11/7令和7年度小児救急地域医師研修事業講演会がありウェブで参加しました。講師は公益財団法人日本AED財団 理事 桐淵 博先生で「子どもたちのいのちを守るために~ ASUKAモデルと小学校からの救命教育の推進 ~」を拝聴しました。医師は救命処置を行いますが、実際現場では人が倒れた時に一般市民ができることを普及していき、小学生からできることを教育する必要性を勉強しました。平成23年に埼玉の小学6年生の桐田明日香さんが駅伝の練習中突然倒れて亡くなった際に死線期呼吸を知らないため先生たちが救急車到着までAEDを使用しなかった事実を契機に埼玉市教育委員長であった桐淵先生は、事故を教訓にして埼玉市はASUKAモデルを確立されました。埼玉市では教員が多数心肺蘇生法を学習して疾病者発生時対応訓練をしたり、小学5年生から講習会を開始し事故後AEDの使用が39例に増加したとのことでした。人の生死に素人は手を出さないという社会意識が問題であり、以前は学校では養護教諭が来るまで手を出さないという認識が多かったそうです。AEDの普及だけでなく小学生から心肺蘇生法の教育により躊躇せず心マッサージとAEDを使用するパラダイムシフトを広めることが肝要であるとのことでした。ASUKAモデルは「わからなかったら救命処置を始める」という認識の普及を目指しています。最新の市民によるBLSのアルゴリズムでは呼びかけに反応しない場合胸骨圧迫しながらAEDを装着することが明記されています。学校での突然死は年間30-60名あり体育授業中が多い、心室細動が原因の場合が多く、心室細動後数分で心停止に至るのでその間に心肺蘇生法を行わないと脳に血流がいかないことなど実際のAEDに記録された心電図と現場の音声、AED使用後の心電図の波形の回復も提示して頂きました。AEDの使用の決定と使用はスキルよりマインド、学校であれば3分以内に電気ショックを使用できるように訓練することを目指すとのことでした。健康な人でも生じる心臓震盪(ポールが前胸部に当たって心停止が起こる)の例やpushプロジェクトメッセージも紹介され、AEDを装着されたら周囲の人を落ち着かせる(応援の声でAEDの音が聞こえにくくならないように)ことも教えて頂きました。教職員に対する桐淵先生の講演後のアンケートでは心肺蘇生やAEDの有効性の理解と安全性の理解することで自信の向上にはつながっていますが養護教諭以外はまだまだできると答える人は増加していないので更なる認知普及が必要とのことでした。学校で心臓疾患のある生徒に毎年仮想訓練をしていたので養護教諭が来る前に心臓マッサージ後速やかにAEDを使用できた先生達の行動、現場から119番通報しないと状況が伝わらないこと、AEDの種類があるので事前に確認することなども詳細に教えて頂きました。子供にもみんなで命を守ろうという認識で教育、訓練することの重要性を学びました。先生の明日香さんの死を教訓にした取り組みに非常に感銘を受けました。

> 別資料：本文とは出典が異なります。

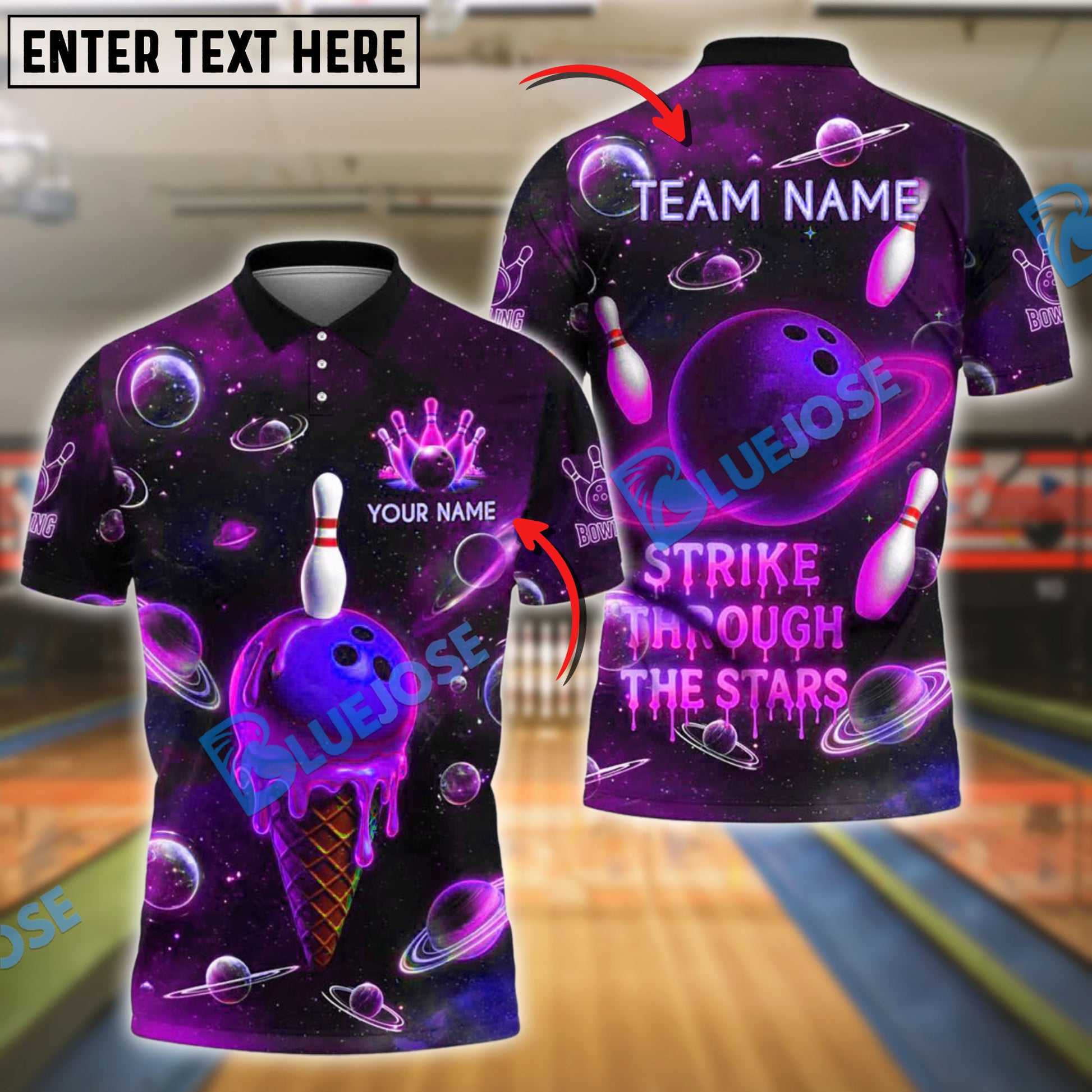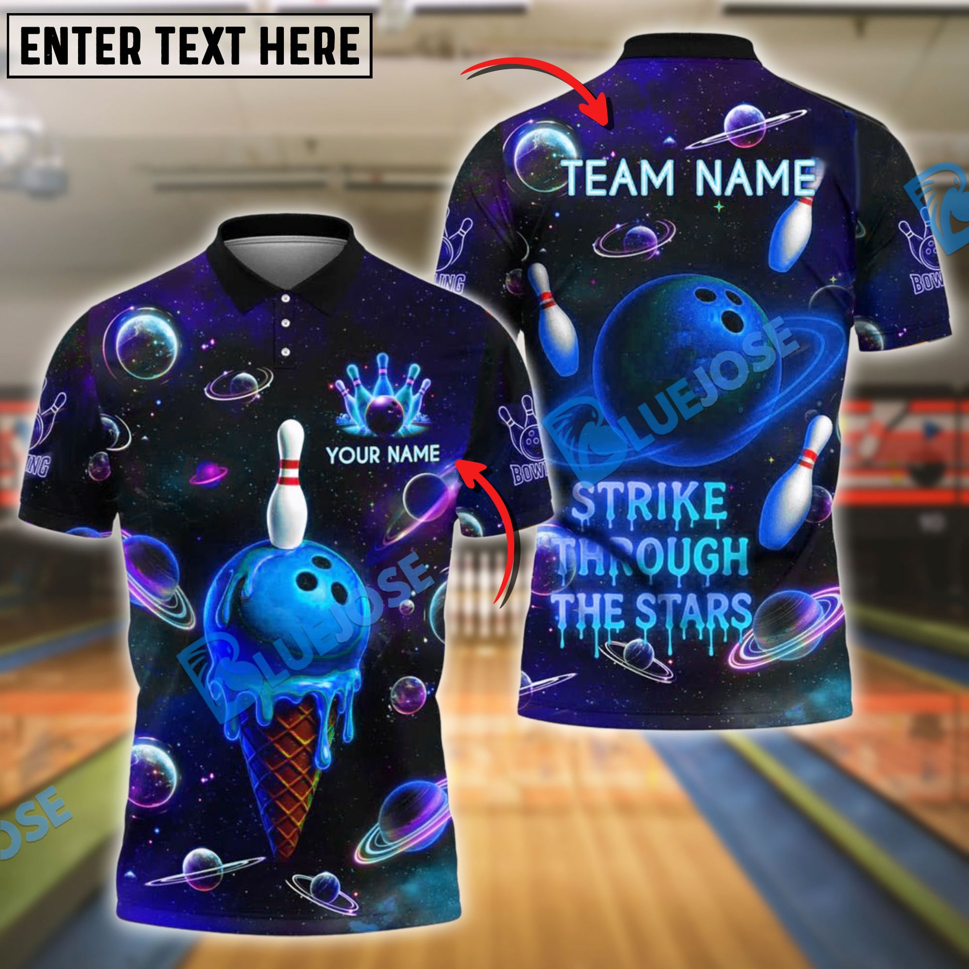 BlueJose Bowling Galactic Ice Cream Strike Customized Name, Team Name 3D Shirt (4 Colors)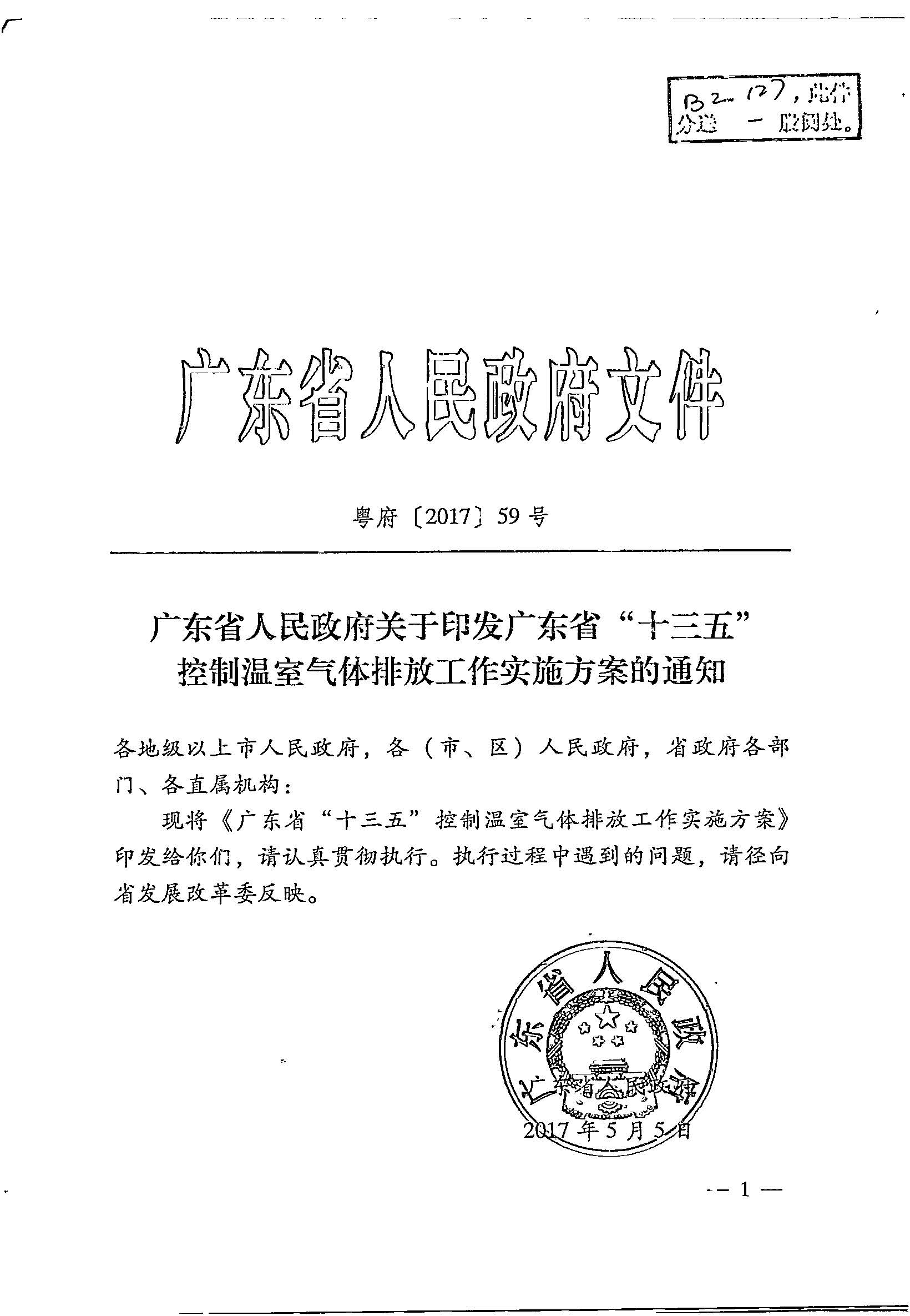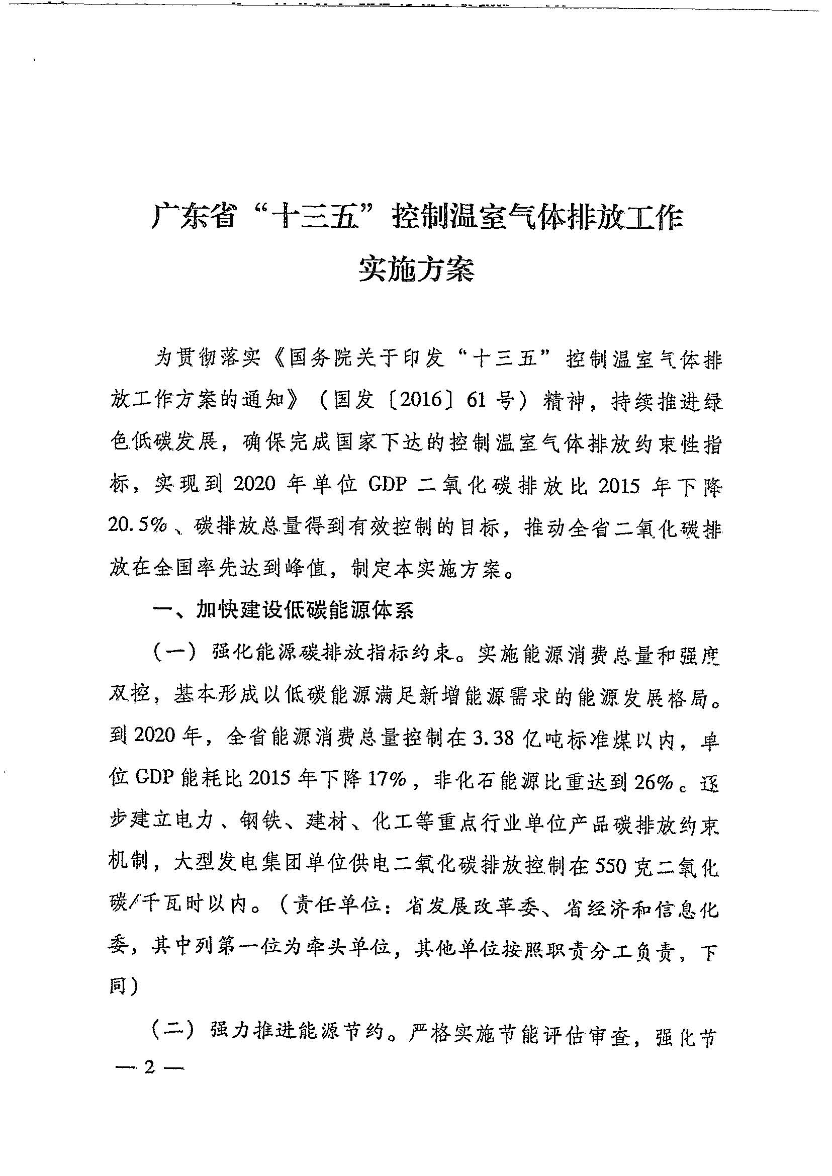 关于印发广东省“十三五”控制温室气体排放工作实施方案的通知

11/2宇部まつりでディズニーリゾートスペシャルパレードがあるということで観に行きました。渡邉翁記念館前にダッフィーバスが展示されそちらも人が多かったですが、朝11時スタートということで10時半に行ったら多くの人で賑わっていました。2台のバスがついてその間にジャンボリーミッキーを踊る予定の地元の少年少女たちがスタンバイしておりミッキーたちが出てくると大いに盛り上がりました。2台の車に分乗してミッキー、ミニー、グーフィー、チップとデールなどキャラクターが踊りながら皆の前を通り過ぎて行きました。15万人の人手であったということで童心に戻った気分で楽しめました。